A crucial element of the internet’s functioning lies within a small piece of code known as robots.txt, allowing website owners to control access to their online content by search engines like Google. This code has been instrumental in maintaining order on the web for decades, enabling websites to choose whether to permit or deny scraping of their content by tech giants. Most sites have opted to allow Google to scrape their content, given the significant traffic that the company drives. However, with the emergence of the AI wars, this longstanding agreement is facing disruption.
Unraveling the Bargain
The data scraped by search engines like Google has become the foundation for training powerful AI models, utilized by entities such as OpenAI, Google, Meta, and others. These AI models leverage the vast pool of online content to directly answer user queries, potentially diminishing the distribution of web traffic and challenging the established web bargain. In response to this paradigm shift, Google has introduced a new tool called Google-Extended, enabling websites to block the company from utilizing their content for training AI models.
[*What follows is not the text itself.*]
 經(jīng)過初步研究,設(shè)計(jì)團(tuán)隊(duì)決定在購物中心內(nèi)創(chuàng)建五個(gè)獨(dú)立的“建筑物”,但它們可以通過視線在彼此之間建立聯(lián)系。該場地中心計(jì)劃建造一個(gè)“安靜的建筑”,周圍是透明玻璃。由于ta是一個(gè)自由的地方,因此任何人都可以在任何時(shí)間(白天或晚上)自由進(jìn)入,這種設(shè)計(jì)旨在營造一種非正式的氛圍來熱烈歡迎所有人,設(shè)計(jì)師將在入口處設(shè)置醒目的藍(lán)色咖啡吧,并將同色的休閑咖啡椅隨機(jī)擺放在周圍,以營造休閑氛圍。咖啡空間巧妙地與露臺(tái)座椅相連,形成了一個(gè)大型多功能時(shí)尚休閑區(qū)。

Adoption of Google-Extended
Data provided by Originality.ai indicates that approximately 10% of the top 1,000 websites have implemented the Google-Extended snippet as of late March. Notable publications like The New York Times have embraced this tool, leveraging it to prevent Google and other entities from accessing their content for AI model training purposes. The move reflects the intensifying battles over AI copyright and the increasing reluctance of content creators to contribute to the training of AI models without explicit permission.
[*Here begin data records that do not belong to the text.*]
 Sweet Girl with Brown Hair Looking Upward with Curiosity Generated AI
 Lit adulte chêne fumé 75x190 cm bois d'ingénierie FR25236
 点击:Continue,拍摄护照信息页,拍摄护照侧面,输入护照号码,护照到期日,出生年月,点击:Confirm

Comparison with Other Blockers
While Google-Extended has seen some adoption among prominent websites like CNN, BBC, Yelp, and Business Insider, its usage remains lower compared to other AI training data-blockers. OpenAI’s GPTBot, for instance, is deployed on approximately 32% of the top 1,000 websites. Similarly, CCBot by Common Crawl has garnered more widespread adoption. The discrepancy in adoption rates raises questions about the potential implications of blocking access to training data on AI-generated search results.
Implications for the Future
Jonathan Gillham, CEO of Originality.ai, highlights the risk associated with blocking access to training data, particularly concerning the potential exclusion of relevant content from AI-generated search results. As Google experiments with genAI search through its Search Generative Experience (SGE), the decisions surrounding the rollout and functionality of this new search paradigm will significantly influence the future landscape of the web in the era of AI.
In conclusion, the emergence of tools like Google-Extended underscores the evolving dynamics between content creators and tech giants in the AI era. As stakeholders navigate the complexities of AI model training and content access, the decisions made today will shape the future trajectory of the web and its interaction with artificial intelligence technologies.